多溴联苯醚（PBDEs）是一类重要的持久性有机污染物，由于其对环境的影响而受到越来越多的关注。研究了纳米钯修饰ZnIn2S4微球对2,2 ',4,4 ' -四溴联苯醚（BDE-47）的高效降解。以甲醇为溶剂，N，N-二异丙基乙胺为空穴牺牲剂，在可见光（λ > 420 nm）照射下，BDE-47的最佳钯负载为0.1%，降解效率为99%，在3 h内的最快反应速率为2.252 h−1。纳米pd修饰显著增强了光生载流子在ZnIn2S4中的迁移，从而提高了BDE-47的去除效率。BDE-47的降解途径涉及分步脱溴，光生电子是启动还原性脱溴过程的主要活性物质。
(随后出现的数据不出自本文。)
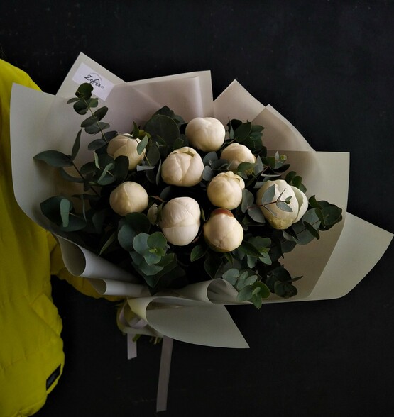 Нежнейший и утонченный букет из белых пионов сорта «дюшес» — комплимент для вашей маленькой принцессы или изысканной герцогини. Доставка цветов. Заказать цветы недорого. С любовью к Вам и к цветам, команда Зеленая лиса.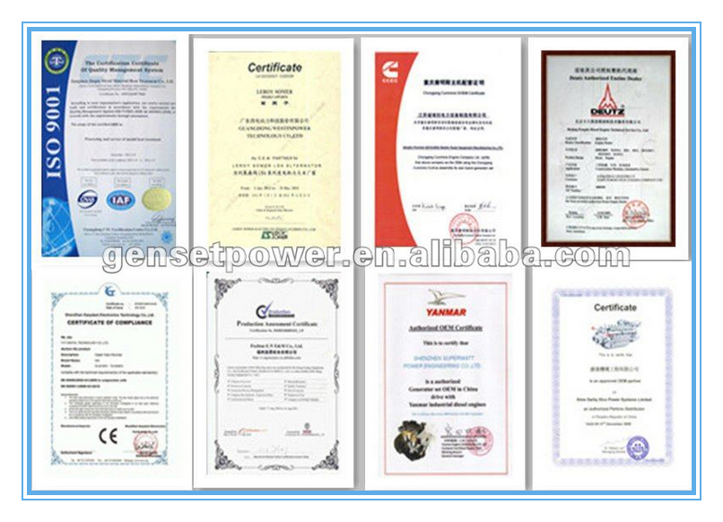 All Models are tested with 25degree centigrade air inlet temperature,150m(500ft),A.S.L 60% relative humidity.The genset coincident to the standard of GB2820,GB1105,ISO8528,ISO3046,IEC60034,SAEJ1394,BS5000,NEMA MG-1/22,DIN6271,DIN6280,VDE0530 and ISO9001,ISO14001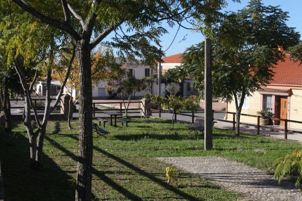 Es muy grande, ocupa una gran superficie en la salida hacia Trujillo, a lo largo de la carretera. Tiene mucho arbolado, cesped...

BDE-47还原主要生成2,4,4 ' -三溴联苯醚（BDE-28）。密度泛函理论计算表明，在BDE-47中，纳米Pd与CBr键相互作用，尤其是邻c - br键，其对纳米Pd的亲和力比旁位的CBr键更强。这是促进有效和优先去除邻位溴原子的关键因素。该研究强调了Pd/ZnIn2S4复合材料在光催化去除卤化环境污染物方面的巨大潜力。

本文章由计算机程序翻译，如有差异，请以英文原文为准。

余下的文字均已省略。